Ainda outro dia vi Maradona saído da clínica onde estivera, numa manifestação para marcar não lembro qual data de sua vida. Havia por perto muita gente ,se não me engano até membros daquela religião, da qual era Deus, que alguns excêntricos brincalhões inventaram para homenageá-lo. Sei que era numa cancha de time pequeno e lá estava Maradona rodeado de gente sorridente e efusiva , enquanto ele, abatido, lento, sem nenhuma reação, sequer acompanhava o que faziam ou diziam, completamente alheio, como Garrincha sentado naquele carro alegórico da Mangueira do carnaval de 1982.

Os comentários sobre a atitude de Maradona foram sempre os mesmos. Lembraram que ele havia saído da clínica recentemente, que talvez estivesse sob efeito de remédios. Acho que não era nada disso. É mais provável que ele apenas se tornara totalmente indiferente a homenagens que não tinham qualquer efeito sobre o que era mais precioso para ele. Parecia cansado. Talvez se lembrasse do Brasil, dos jogos que fazia convidado por Zico, nos quais rejuvenescia em companhia de jogadores que admirava e respeitava.
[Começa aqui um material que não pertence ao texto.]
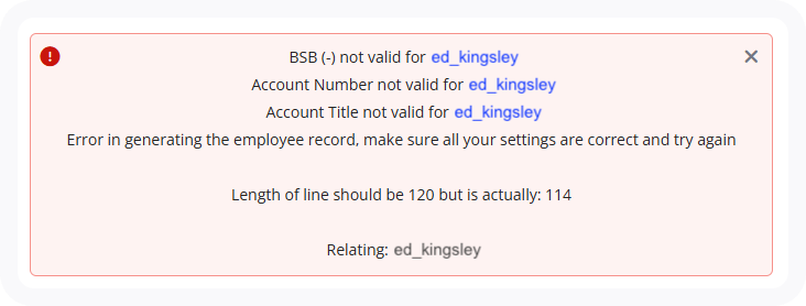 Sometimes, when you try to submit an STP, an error message may appear that is associated with an employee stating: "Length of line should be 120 but is actually: 114" and you cannot submit the STP. This error message occurs when an affected employee's bank information has not synced to Deputy Payroll.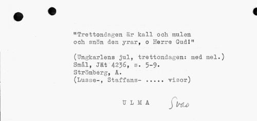 //// "Trettondagen är kall och mulen och snön den yrar, o Herre Gudl" //// (Ungkarlens jul, trettondagen: med mel.) Smål, Jät * 4236, s. 5-9. Strömberg, A. //// (Lusse-, Staffans- ... visor) //// U L M A ////

Vi Maradona em vários desses jogos amigáveis, que encarava como se fosse a final de Copa. Só que sorridente e feliz. Até o corpo gordo e velho, parecia recobrar força nesses jogos entre amigos, companheiros, irmãos. Ao ver todos gordos, meio disformes e trôpegos como ele, recobrava o humor e se divertia profundamente. Não, Maradona não era Deus como pensavam os adeptos de sua religião. Mas deveria ser. Só para poder jogar quando quisesse.